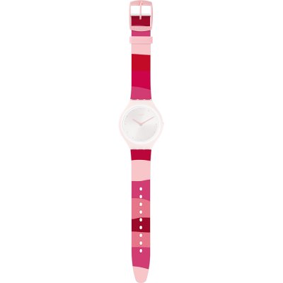 Dieses Swatch Uhrarmband ist aus silikon gefertigt und wird mit stahlstifte an der Uhr befestigt. Das Band hat eine Breite von 14.6 mm und wird mit einer dornschließe geschlossen. Das Uhrenarmband hat keine gerade Halterung, was bedeutet, dass dieses Band nur für die unten aufgeführten Uhren geeignet ist.
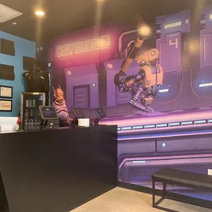 I will update after I play the game, I thought this was gone be a large venue like a Main Event type space but it is not. Small waiting area to wait to play and you can hear them giving instructions in the room next door.
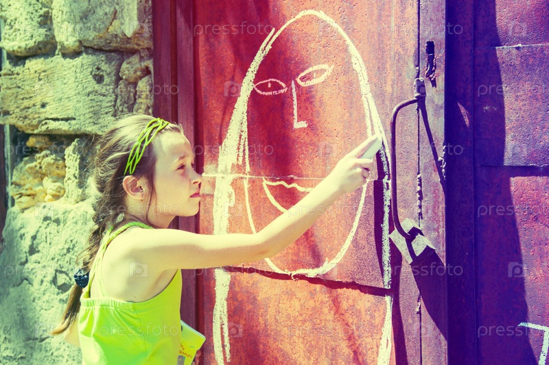 Девочка рисует мелом
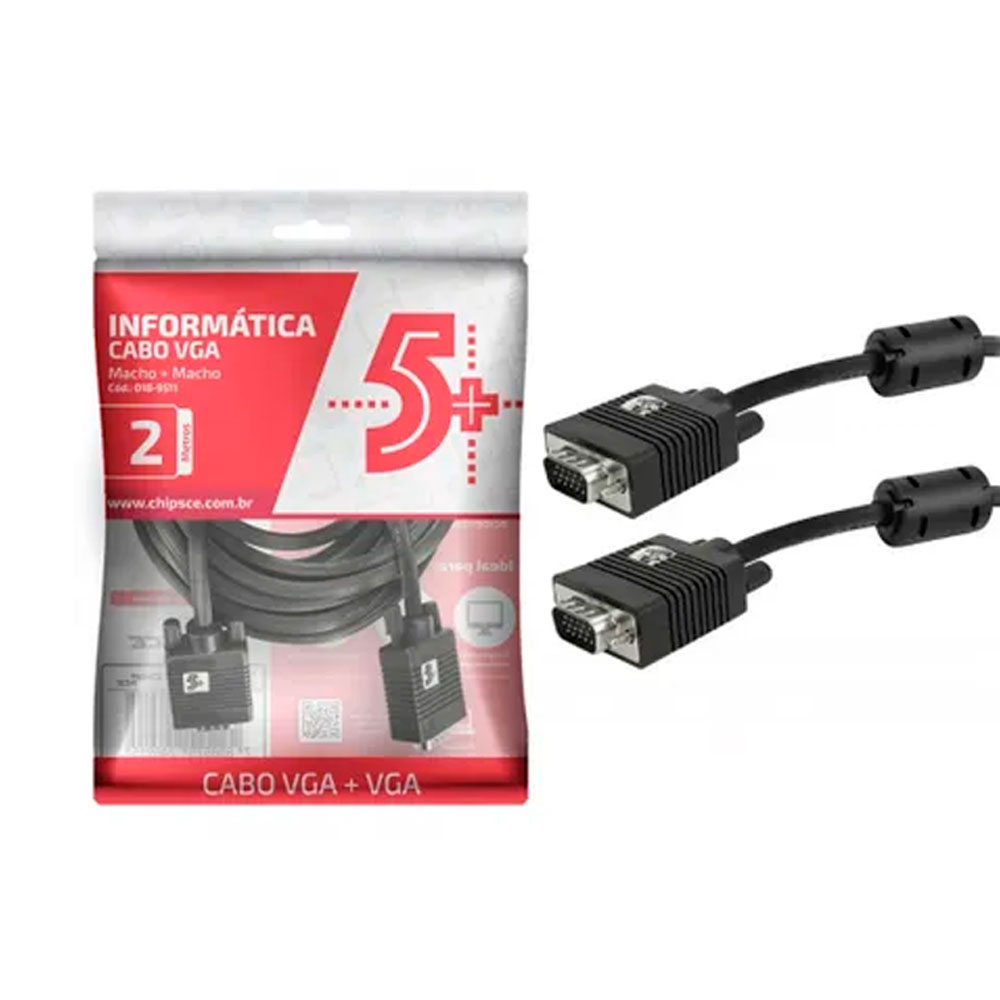 O Cabo VGA Macho x Macho com Filtro da 5+ é utilizado para transmitir imagens em equipamentos com saída de 15 pinos para monitores ou televisores com entrada de 15 pinos. Seu cabo tem 2 metros de comprimento e possui trava de conexão com filtro de ferrite que é a melhor solução para transmissão de sinal analógico. Transmite apenas imagem, utilizar outro cabo para transmissão de som.
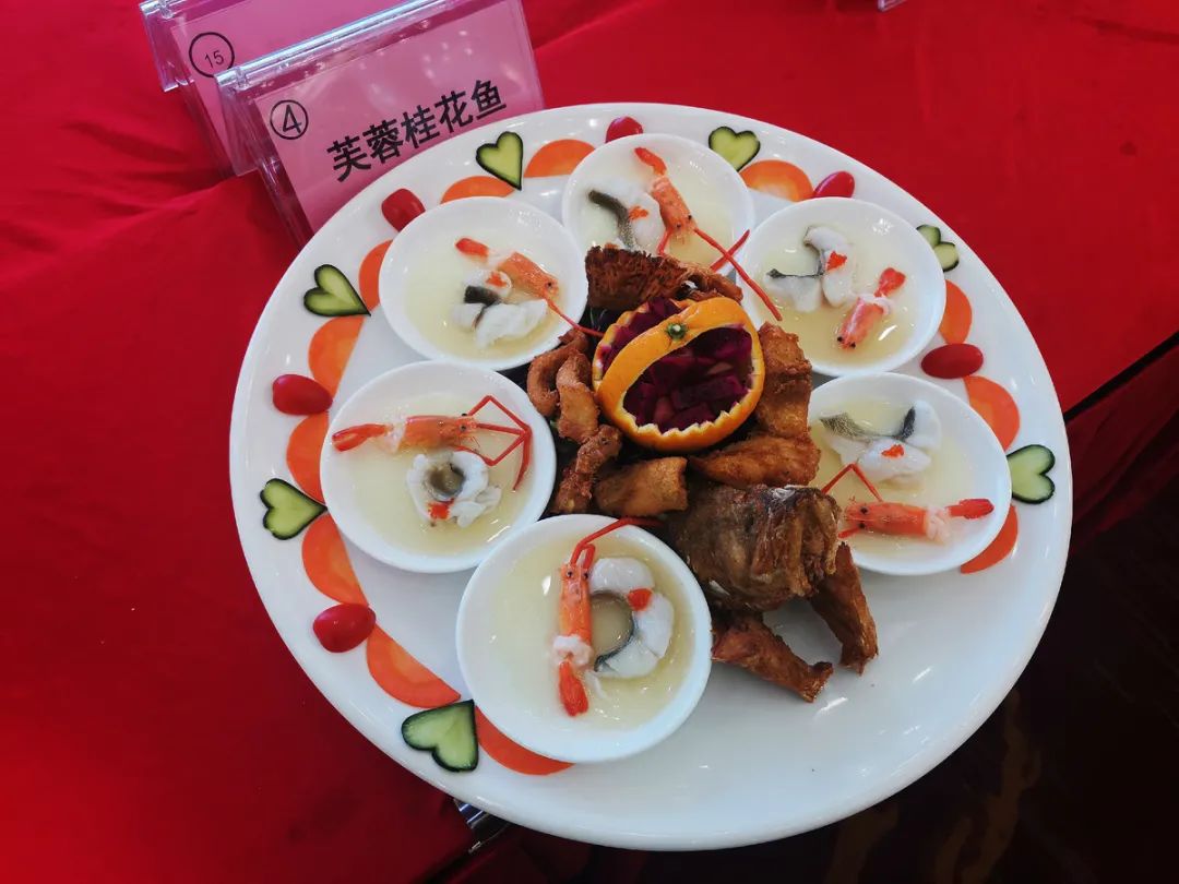 4、优秀奖10名:芙蓉桂花鱼、蒜子焖西江钳鱼、家鄉煎虾饼、金龙贺三江、金银西江鳝、孔雀开屏、蟹后你、翡翠黑松露炒海钳球、河鲜麦溪鱼锅、养生龙利汤

* * * * * * *

- **ABOUT THIS EXERCISE**
Make an exact copy of the listing above. Its pictures are not needed.

- **TASK OUTPUT**
 Dieses Swatch Uhrarmband ist aus silikon gefertigt und wird mit stahlstifte an der Uhr befestigt. Das Band hat eine Breite von 14.6 mm und wird mit einer dornschließe geschlossen. Das Uhrenarmband hat keine gerade Halterung, was bedeutet, dass dieses Band nur für die unten aufgeführten Uhren geeignet ist.
 I will update after I play the game, I thought this was gone be a large venue like a Main Event type space but it is not. Small waiting area to wait to play and you can hear them giving instructions in the room next door.
 Девочка рисует мелом
 O Cabo VGA Macho x Macho com Filtro da 5+ é utilizado para transmitir imagens em equipamentos com saída de 15 pinos para monitores ou televisores com entrada de 15 pinos. Seu cabo tem 2 metros de comprimento e possui trava de conexão com filtro de ferrite que é a melhor solução para transmissão de sinal analógico. Transmite apenas imagem, utilizar outro cabo para transmissão de som.
 4、优秀奖10名:芙蓉桂花鱼、蒜子焖西江钳鱼、家鄉煎虾饼、金龙贺三江、金银西江鳝、孔雀开屏、蟹后你、翡翠黑松露炒海钳球、河鲜麦溪鱼锅、养生龙利汤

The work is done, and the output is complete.